Land Classification and Land Use

After the completion of my Geo-referencing tasks (years 1995, 1975, and 1959), I was given the option between more Geo-referencing (1965) or a slightly different route, which consisted of creating a method to classify land types and land uses. If it wasn’t obvious by the title, I chose Geo-referencing 1965…

Land classification is the method of determining what a feature is on imagery purely based on pixel value (pixel value can be interpreted differently depending on the situation). This allows for a colorful rendition and separation, which results in an easy to read and visualize context of where different features are located. Results can vary and are heavily reliant on image quality. The lower quality the image or imagery, the more generalization and inaccuracy of the classifications.

Anyway, land classification can be simple and it can also be quite difficult. If you are using tools that already exist, or software that are built to classify imagery, you can easily begin land classification/land use. If you are using preexisting material it will quickly become a matter of finding the right combination of numbers in order to get the classifications you want. This method is not too difficult, just more tedious in regards to acquiring your result. However, if you approach it from scratch, it will be significantly more engaging. In order to approach it from the bottom up, you have to essentially dissect the process. You have to analyze your imagery, extract pixel values, group the pixel values, combine all of them into a single file, and finally symbolize them based on attribution or pixel value which was recorded earlier. It is much easier said than done.
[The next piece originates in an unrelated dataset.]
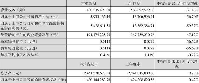 新亚制程(002388)4月28日披露2022年第一季度报告。报告期内公司实现营业总收入4.00亿元,同比下降31.43%;归母净利润593.55万元,同比下降56.70%;扣非净利润542.86万元,同比下降59.37%;经营活动产生的现金流量净额为-1.94亿元,上年同期为-3.68亿元;报告期内,新亚制程基本每股收益为0.0118元,加权平均净资产收益率为0.41%。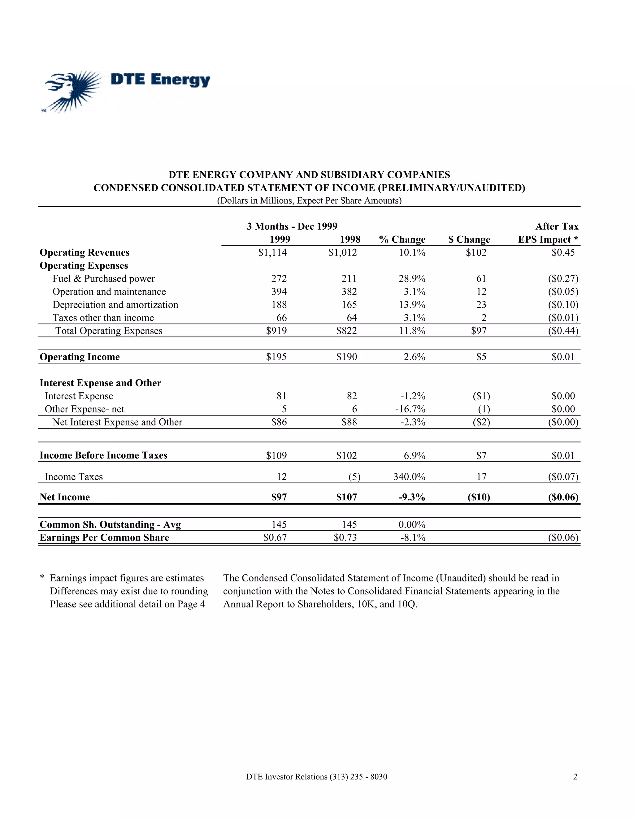 DTE Energy reported financial results for the fourth quarter and full year 1999. For the quarter, operating revenues increased 10.1% to $1.1 billion but net income decreased 9.3% to $97 million due to higher fuel and operating costs. For the full year, operating revenues rose 12.0% to $4.7 billion while net income grew 9.0% to $483 million due to increased industrial sales and non-regulated business income, partially offset by higher fuel expenses. Cash from operating activities totaled $1.1 billion for 1999.

I am currently approaching the task via already created tools, however if I had a choice in the matter, I would have approached it via the bottom up method and attempted to create it from scratch as there is more learning in that and it is much more appealing to me. Regardless, I am creating info files, or files that contain the numbers, ranges, and classifications I am using to determine good land classifications. In contrast to what I stated earlier, this is quite difficult for me as the imagery is low quality and I am not a fan of continuously typing in ranges until I thread the needle.

The current tool I am using is the reclassify tool that is available through the ESRI suite and it requires the Spatial Analyst extension. This tool allows for the input of a single image, ranges you would like to use to classify the selected image, and output file. After much testing, I am pretty sure there can only be a maximum of 24 classifications (which is probably more than enough). In addition, the tool can be batch ran (as most ESRI tools can be), which means it can be run on multiple images at once. This is a much needed features for many situations, as I presume most times, individuals are not going to classify one image and be done (or at least I am not going to be one and done).

That is an image that was reclassified using the reclassify tool. I am not sure how good of a classification this is as I have not fully grasped the tool yet and every time I give it ranges, it spits out the same generic ranges that I did not input (which is a bit frustrating, but it comes with the territory). I am sure it is human error though and not the tool messing up. I am not sure what the final result is supposed to be, but I will be sure to fill you in once I achieve it (if I ever do…).

Understanding Projections: Geo-referencing

Recently I started working on the year 1959, which is currently the last set of images I have to work on.

1959 was a unique set compared to 1975 and 1995 for a few reasons. The first reason being related to the significant difference in development, which is obvious due to how far back in time the images were taken. The second reason is probably common among Geo-referencing projects, but I have not encountered it until this year. The set was split into two types of images: Geo-referenced or projected images and non-referenced or non-projected images. The projected images are similar to the images I have completed in 1975 and 1995, they were already projected to the desired coordinate system and allowed for immediate Geo-referencing. The non-referenced images are a little more difficult.

These images would gray out the toolbar and not allow for any Geo-referencing. At first I was a bit confused, but quickly started brainstorming ideas. My first idea came in the form of projecting them to the same coordinate system as the data frame. Unfortunately, due to the size of the images, projecting these images was impossible on the machine I had (16 GB of RAM). Nearly instantly the tools would fail. However, I thought this had to be the reason, so I continued to experiment with different ways to project the images. The next was to project to an intermediate coordinate system, then proceed to the more advanced system in hopes of reducing the burden, but that also fizzled out. It seems that no matter what system you are coming from (although I don’t fully understand geographic transformations), it attempts to perform the full process. Running out of ideas, I tried one final solution. I thought that perhaps the size of the images were the reason and decided to slim them down by splitting them into eight sections. After creating a few scripts that would split every image, which went smoothly, it approached the projection part of the script and crashed nearly instantly (although it may have lasted slightly longer).

 

After none of my ideas worked, I decided to restart the computer…and that worked. Even though the images are not the same coordinate system as the data frame, I can still add control points, fit to display, etc. This was a bit frustrating since it was such a simple solution, but the lesson here is that it is best to try the simplest solution before trying the more difficult ideas.

After talking with a few people, the coordinate system should be irrelevant because as soon as you begin Geo-referencing the image should convert to that of the data frame and even that will not matter in the end. Once the images are completed another individual will tether or mosaic them together and assign a coordinate system that way, which will result in the current coordinate system being overwritten.